Now, if you're doing this kind of calculation you can't rely on indexes since the nature of the search is that each time the user does a search you have to do the calculation on every item in the database table in order to figure out which ones are closest to your reference point. This means every search does a full table scan - not pretty when you have 100,000 or more destinations.
So we came up with a compromise: fudge the query so you limit the number of destinations you do the calculation on. If you store the longitude and latitude of the destinations, and index the table on those values, you can break the query into two:
- Figure out the minimum and maximum longitude and latitude to draw a "box" around the location you're interested in - a box that's big enough to include enough destinations but small enough not to include too many
- Do the calculation on only the destinations that qualify to sort them by distance
So this is what we did - a nice, index-led query that selected the destinations that were within a few minutes of latitude and longitude of the point we cared about, which was then fed into the query that did the Great Circle calculation. This would chop out maybe 99.5 per cent of the data set on average, and the search would fly.
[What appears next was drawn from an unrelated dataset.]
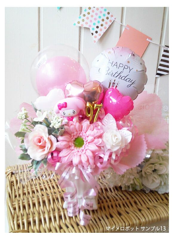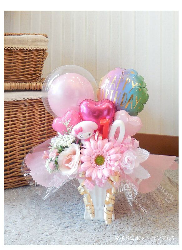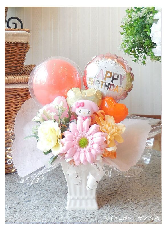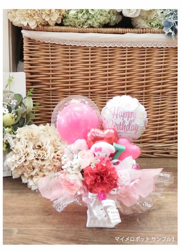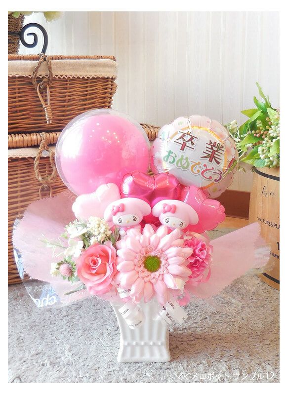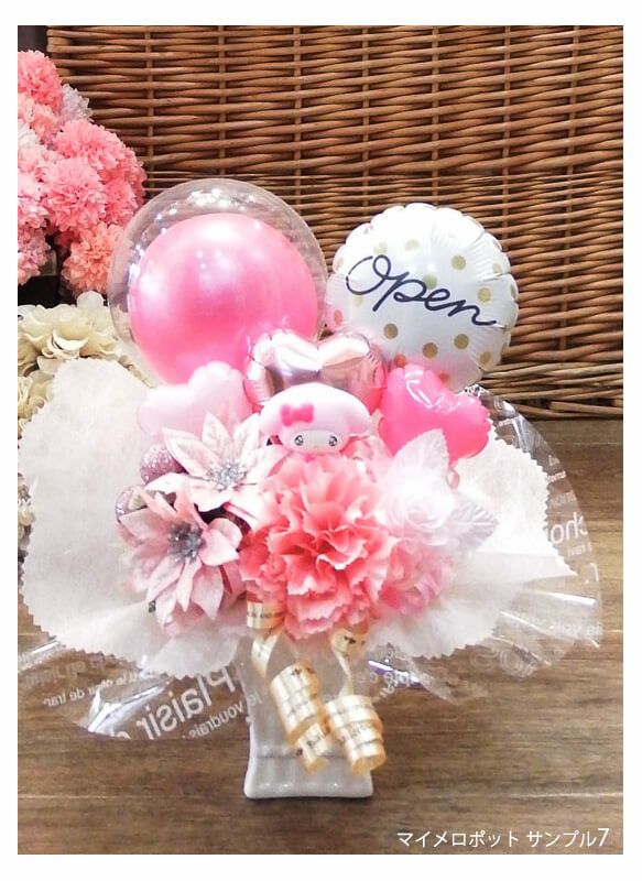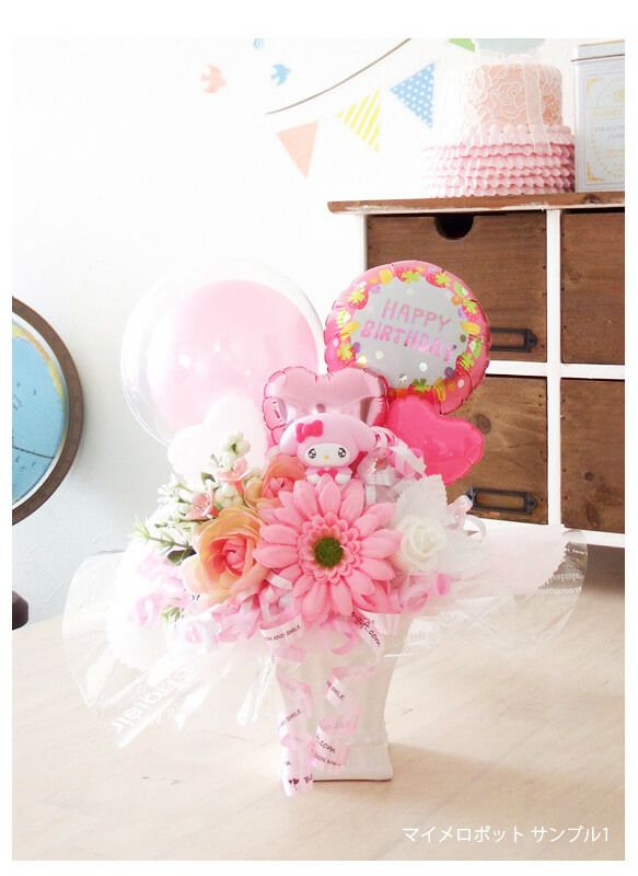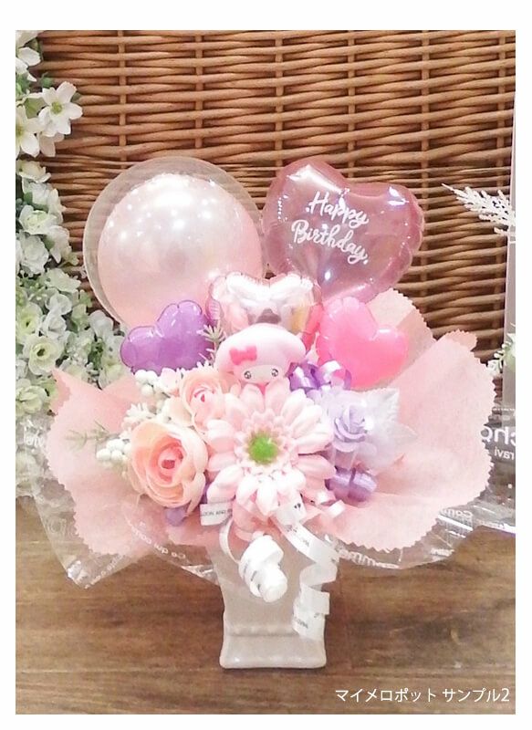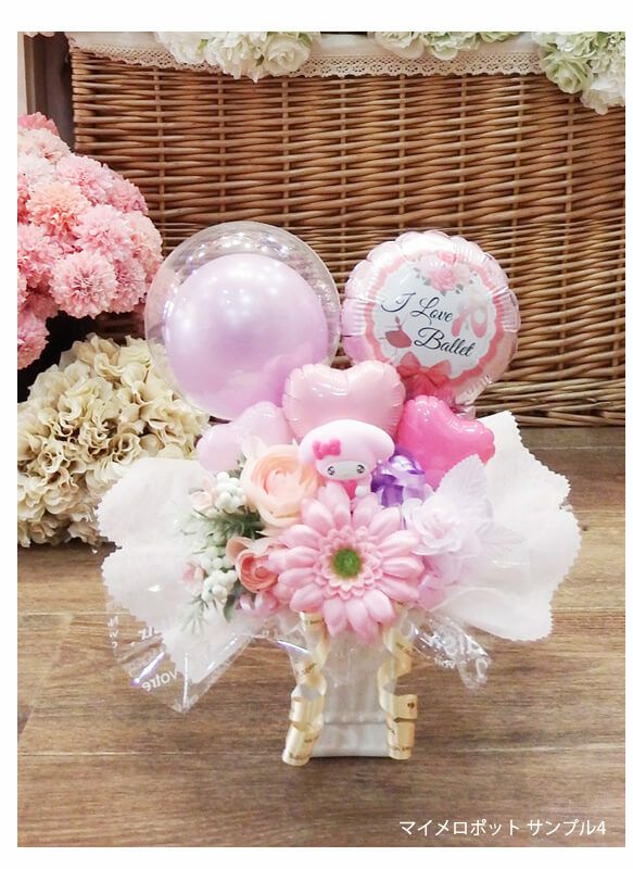 手乗りサイズより少しだけ大きい、「やや小さめアレンジ」がキュート! 小さめで可愛い!『マイメロdeバルーンポット』《送料無料 5940円》

This was, of course, just a bodge. In parallel with what we were doing, one of my clients engaged one of the big mapping software companies to implement its software in our systems. It was pretty speedy, though not that much faster than our version. One day I found myself in the pub with one of their techies (as you do) and I asked him how they did it. "Ah, it's not that hard," said he. "All you do is pick the bit of the data set that is an approximate fit, then do your calculation on the rest."
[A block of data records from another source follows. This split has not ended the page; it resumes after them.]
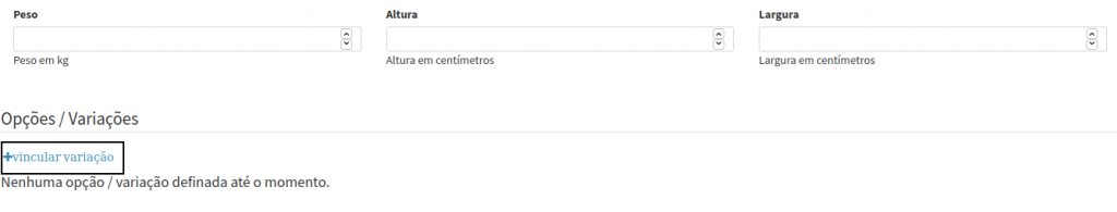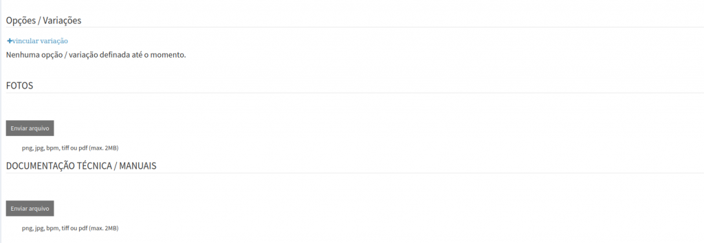 5. Após realizar o cadastro o sistema exibe as opções de colocar Variações, Fotos e Manuais.
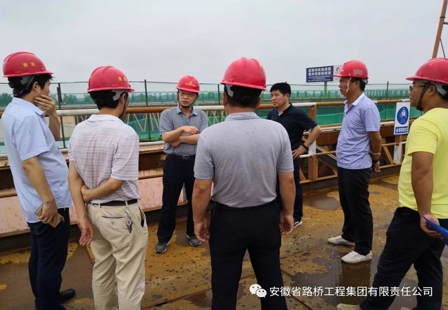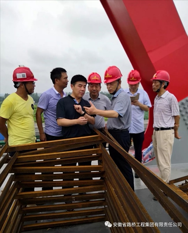 7月5日上午,安徽省交通控股集團(tuán)總工程師胡可一行蒞臨合安項(xiàng)目中派河特大橋調(diào)研指導(dǎo)工作,項(xiàng)目辦主任吳建民、副主任鄧陳記、項(xiàng)目經(jīng)理郭永剛、副經(jīng)理陸勤龍陪同調(diào)研。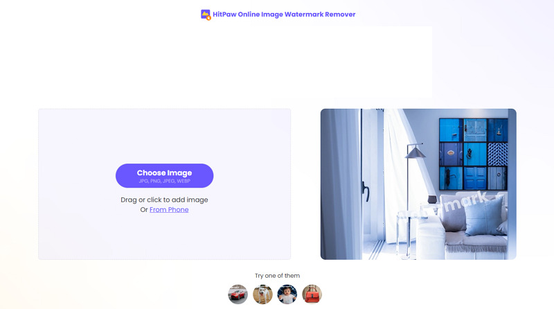 The first step is to open the HitPaw Online Image Watermark Remover. Now, click âChoose Imageâ or âFrom Phoneâ to import the photo.

Turned out that their initial selection was a little more scientific than ours (so its candidate set was a bit better) and they had a slightly more accurate Great Circle algorithm that was a bit more clever about the Earth's curvature, but they'd pretty much done it the same way as we had.
Computations and limitations
Which brings us back to the title of this piece: no matter who you are or how clever your programmers, you can't do miracles in computer algorithms. Anyone who has ever done formal complexity analysis on algorithms (as I had to at university) will know that there's no magic wand.
A problem whose complexity grows exponentially (for example: it takes one second to work on one item, two seconds for two items, four seconds for three items, eight seconds for four, and so on) can't miraculously be solved quickly for a large data set.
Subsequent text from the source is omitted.